I continue to agree with Paul Krugman that the Financial Times and Tyler Cowen have picked an unlikely battle with Thomas Piketty in trying to claim that wealth inequality in the United Kingdom has been decreasing rather than increasing over the last 40 years; more on this from Carter Price. As for Piketty’s broader claims of century-long trends (to perceive which the French scholar has to dismiss much of the twentieth century as an anomaly), King Banaian’s summary of some of the details in how Piketty misreported the data are troubling.
The core claim of Piketty’s book is that slower economic growth will lead to a huge increase in the capital/income ratio as a consequence of a relation that Piketty described as the “second fundamental law of capitalism”. I earlier explained why Piketty’s law is complete nonsense. Separately, James Galbraith explains why the first “law” as interpreted and applied by Piketty is also highly problematic.
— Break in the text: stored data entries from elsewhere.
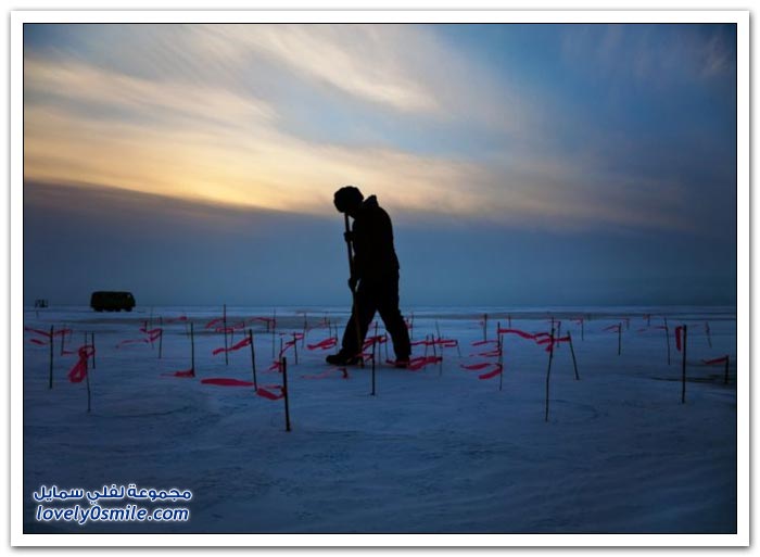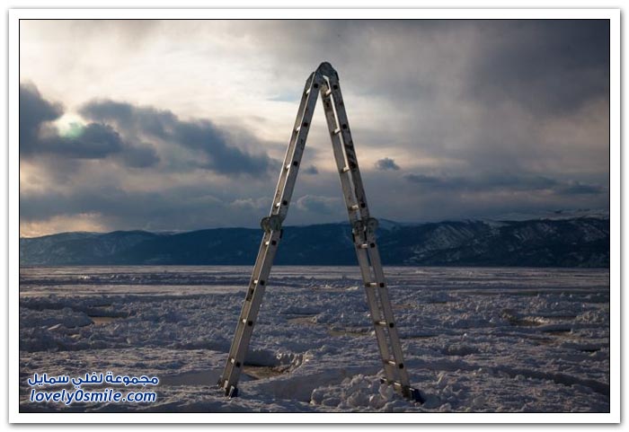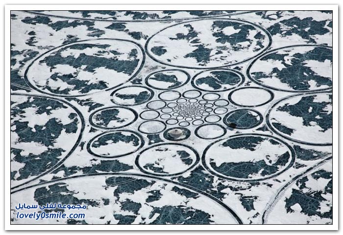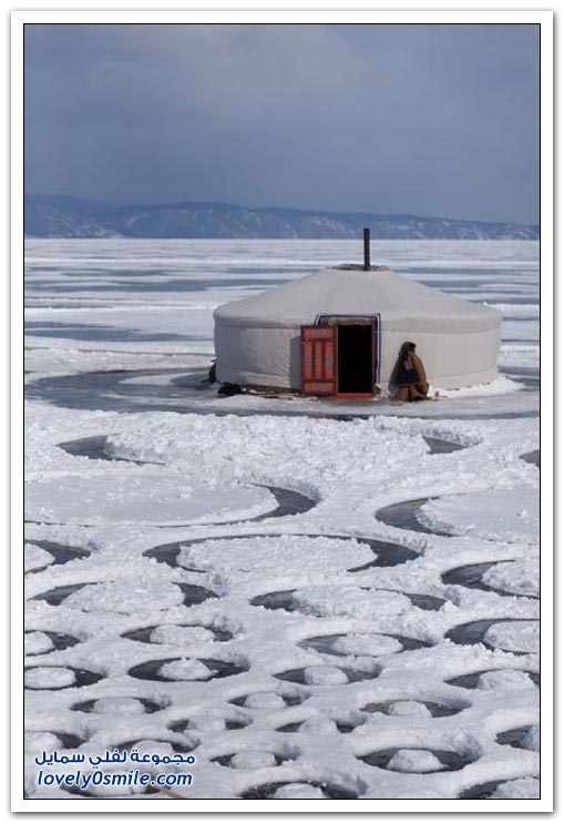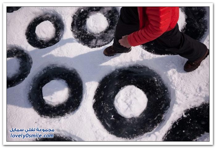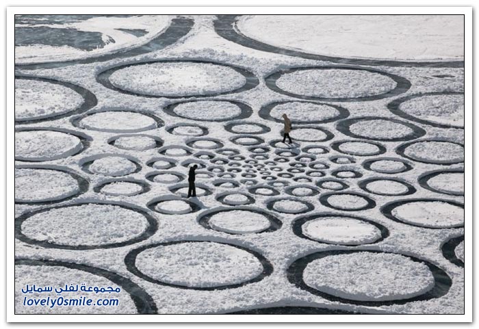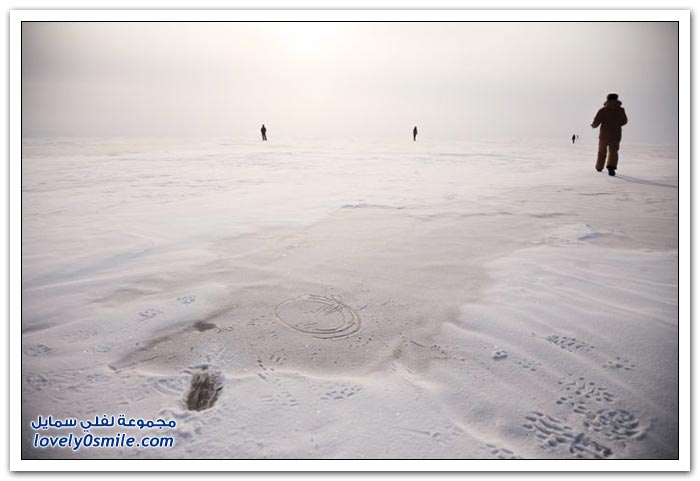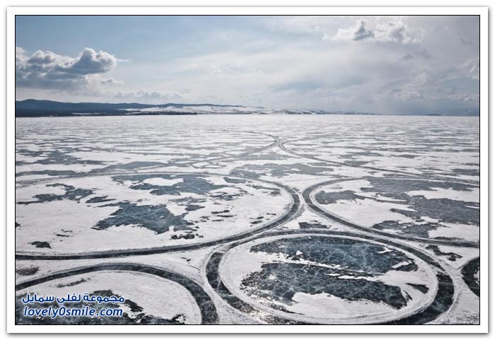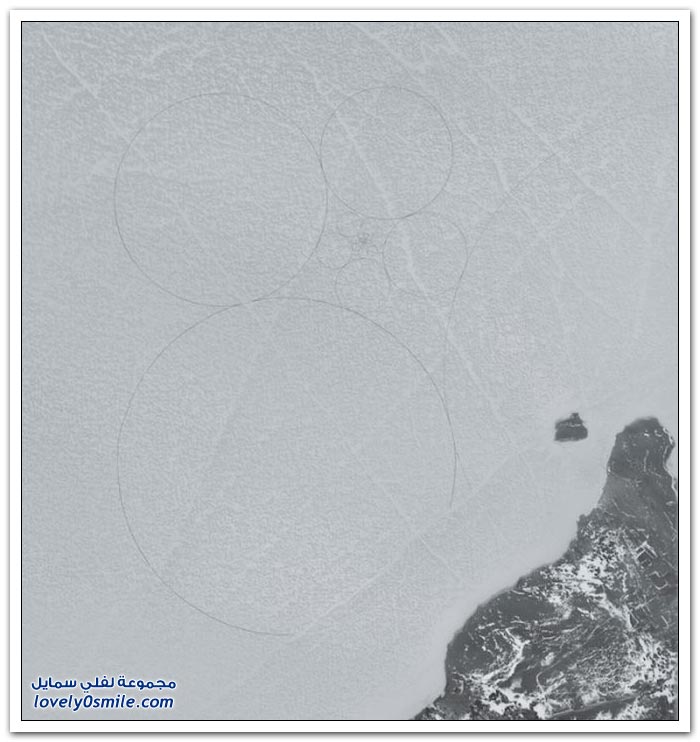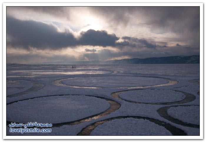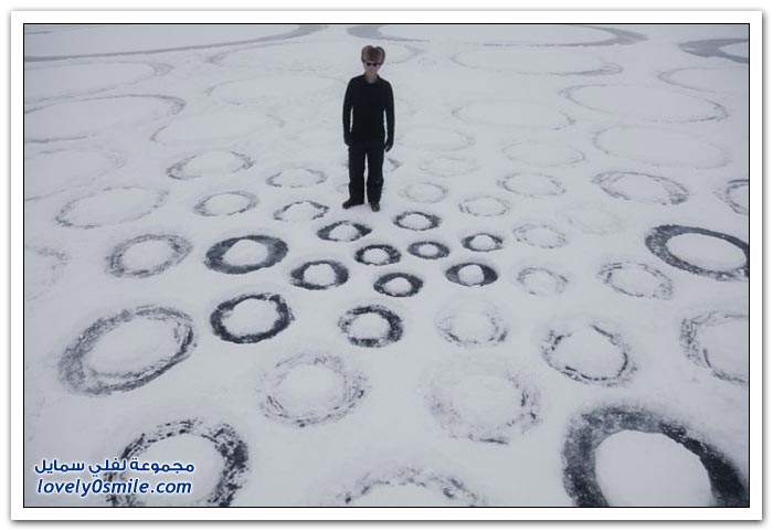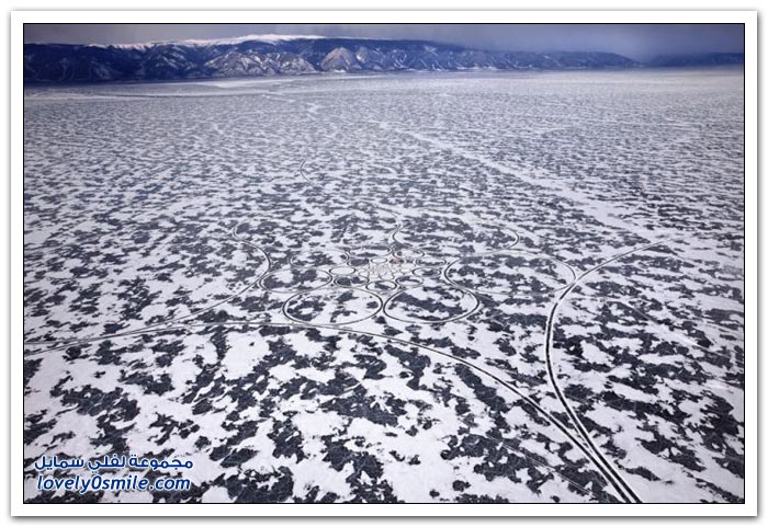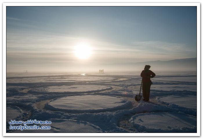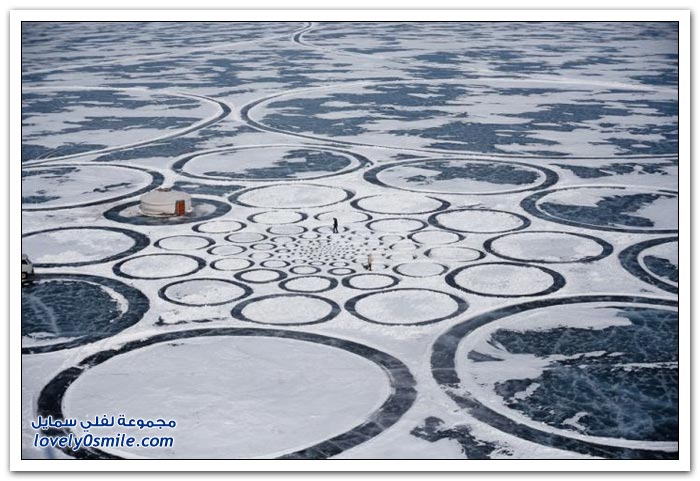 - الفنان جيم Denevan تمكن من عمل دوائر ضخمة على بحيرة متجمدة في سيبيريا من بايكال.
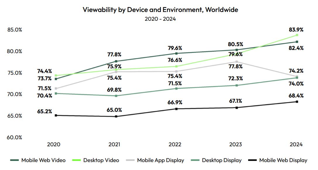 Общий глобальный показатель видимости рекламы немного вырос с 76,1% в конце 2023 года до 76,5% в конце 2024-го.
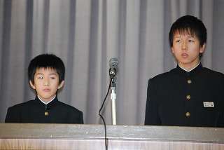 ※生徒会役員選挙で全校生徒へ自分の公約を堂々と発表する候補者とその責任者です。
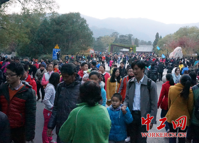 11月正值香山红叶观赏期,又逢APEC会议调休放假,周末两天车畅天蓝,10余万乐享假期的市民登上香山,欣赏漫山红遍的美景。(中工网记者 杨灵摄)
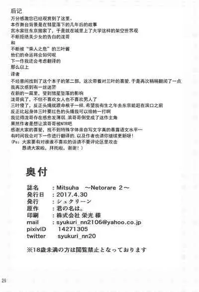 (SC2017 Winter) [Syukurin] Mitsuha ~Netorare~ (Kimi no Na wa.) [English]
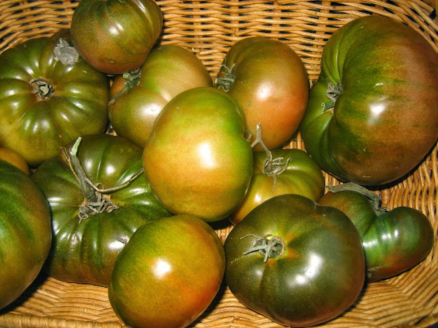 The tomato crop this year was unbelievable! We harvested more than 200 tomatoes and Tom made a roasted tomato salsa for himself that was great, too. I also cooked tomatoes with garden onions and peppers, then pureed them and stuck them in the freezer to use for a variety of soups this winter. I'm thinking a pureed black bean and tomato soup might be delish! I'll experiment on that and get back to you. As you can see from the photos below, we had an abundance of tomatoes. Tom chose all heirloom seeds and had about 10 varieties. Nope, they aren't as pretty as store-purchased tomatoes, but the flavor can't be beat! And remember the information I posted by Barry Estabrook about "Tomatoland". Disgusting on many levels.
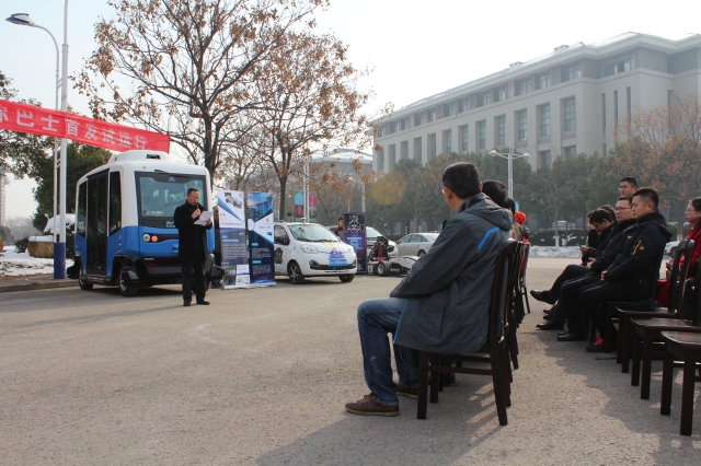 2018年2月2日上午,东南大学联合南京扬子国资投资集团有限责任公司在东南大学九龙湖校区举行合作运营的国内首辆智能网联无人迷你巴士的首发试运行,东南大学副校长吴刚教授,扬子国投集团董事长蔡龙,机械工程学院党委书记张志胜,学校相关部门负责人,以及巴士运营团队全体成员参加了首发试运行活动。发布会由机械工程学院副院长殷国栋教授主持。
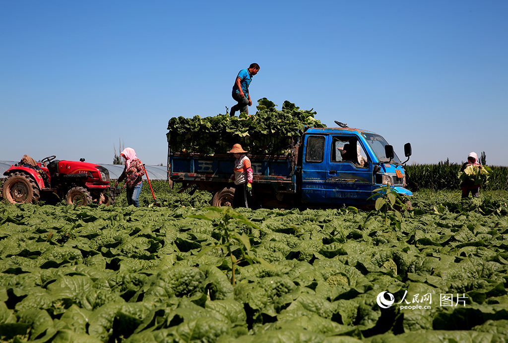 2020年7月27日,在甘肅省張掖市甘州區黨寨鎮二十里堡村,村民正在乘雨后天晴,搶收二茬娃娃菜,好菜走地空及時耕種三茬菜,田間地頭一派繁忙景象。楊永偉/人民圖片
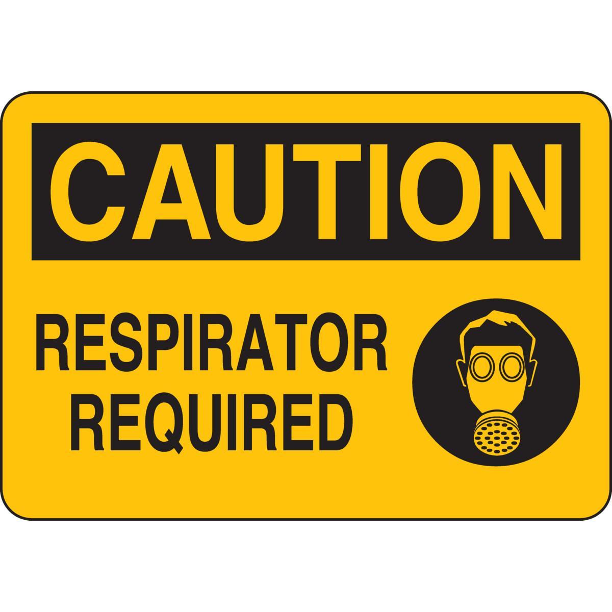 - Header:CAUTIONHeight:7 inLegend:RESPIRATOR REQUIREDLegend Style:Symbol/TextLegend/Background Color:Black on YellowMaterial:B-302 PolyesterMounting Type:AdhesiveType:Laminated RectangularWidth:10 in
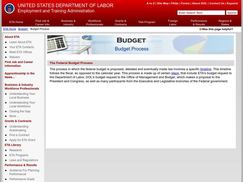The Federal Government budgeting process is described. The link called "STEPS" further describes the budget process.
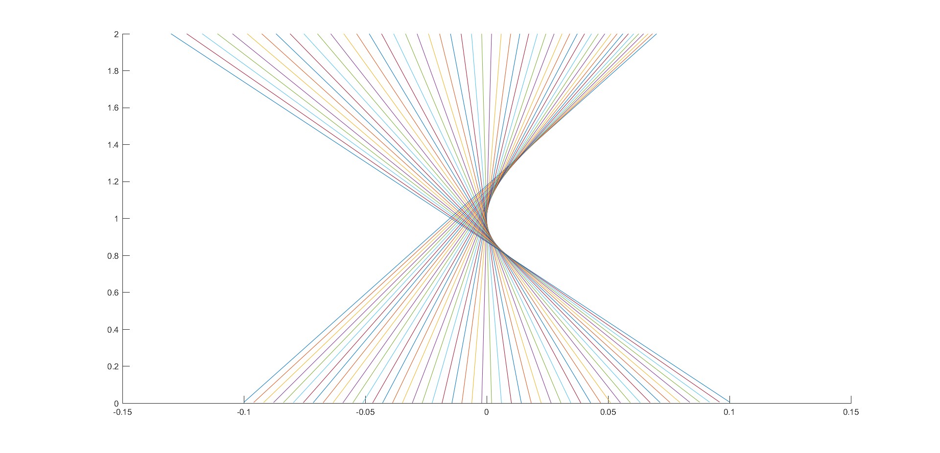What is happening here? The rays are all coming from the bottom, as in our lens picture. The rays on the right are being focused at too steep an angle, and they cross the center axis too early. The rays on the left are being focused at too shallow an angle, and they cross the center axis too late. You can see a triangular region where there are two rays that pass through every point — this is the “bright area” associated with caustics that we mentioned earlier.

Many of us believe that relatively recent globalization, rather than Piketty’s broad theories or asserted sweeping historical trends, played an important role in growing income inequality within most major developed countries over the last generation. But it should also be noted that this same globalization has also been the key factor in reducing inequality on a global scale in the sense of profoundly raising the standard of living for billions of residents of developing and emerging economies.
UPDATE: I see that Per Krussel and Tony Smith came out with a paper today elaborating on the points I made on Sunday. Hat tips to Greg Mankiw and Tyler Cowen.